Sender Health, Updates, and Recovery

The sender-backend dev baseline includes health snapshots, automatic update state, watchdog recovery, token refresh reporting, and device-side alerting. These checks help distinguish a stopped container, a stale image, an expired token, and a broken network path.

Health endpoints

From the Raspberry Shake, the sender backend listens on port 5001:

curl http://localhost:5001/health/network
curl http://localhost:5001/health/time
curl http://localhost:5001/health/resources
curl http://localhost:5001/health/sender-state
curl http://localhost:5001/health/metrics

/health/sender-state reports persisted operational state when available, including token refresh, update, watchdog, disk-alert, and remote-tunnel state. /health/metrics reports request counters, alert outcomes, and health trend history.

Update behavior

The host updater uses SENDER_BUNDLE_TAG (latest by default) and resolves image tags to digests before recreating the sender containers. A published image tag alone does not prove that a device has updated. Confirm the device’s update-state file and running container/image digest after the update cycle.

Existing devices may need the one-time bootstrap command:

bash <(curl -fsSL "https://raw.githubusercontent.com/UPRI-earthquake/sender-backend/dev/update.sh")

Normal operator commands remain available through sender-backend UPDATE_STACK and the installed update timer. Backend and frontend images should use the same bundle version when publishing a release.

Watchdog and alerts

sender-backend INSTALL_SERVICE installs the daily sender-backend-update.timer and periodic sender-stack-watchdog.timer. The watchdog checks container state and can restart stopped services. Sender alerts cover disk pressure, token refresh outcomes, and watchdog actions; they are sent to the restricted backend alert endpoint and are intended for administrators.

Recovery guidance

  1. Check docker ps -a and the health endpoints.
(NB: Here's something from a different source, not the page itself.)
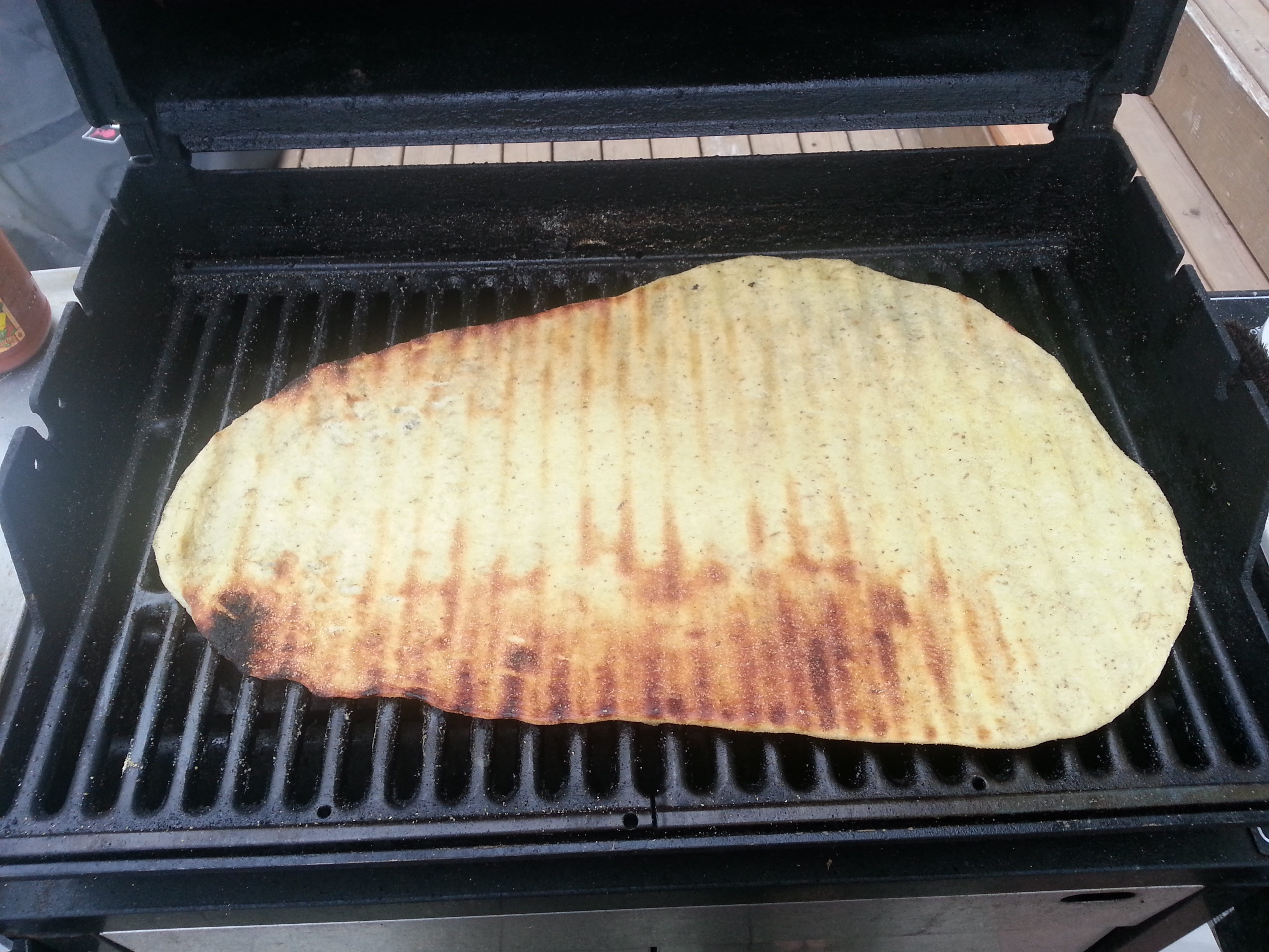 Make sure the grill is turned to medium-low, anything else will burn the crust before it gets crispy, and spray the grates with the non-stick grill spay.

  2. Check sender-backend REMOTE_TUNNEL_STATUS if remote access is involved.

  3. Inspect /var/lib/upri-sender/update-state.json for the last update result.

  4. If the first update cycle only refreshed host scripts, allow the next cycle to run or perform the documented second-cycle recovery before reinstalling.

  5. Reinstall only when the service state or local files cannot be recovered; preserve device identity and link information where possible.

Do not report a station as updated merely because GHCR contains a new latest image.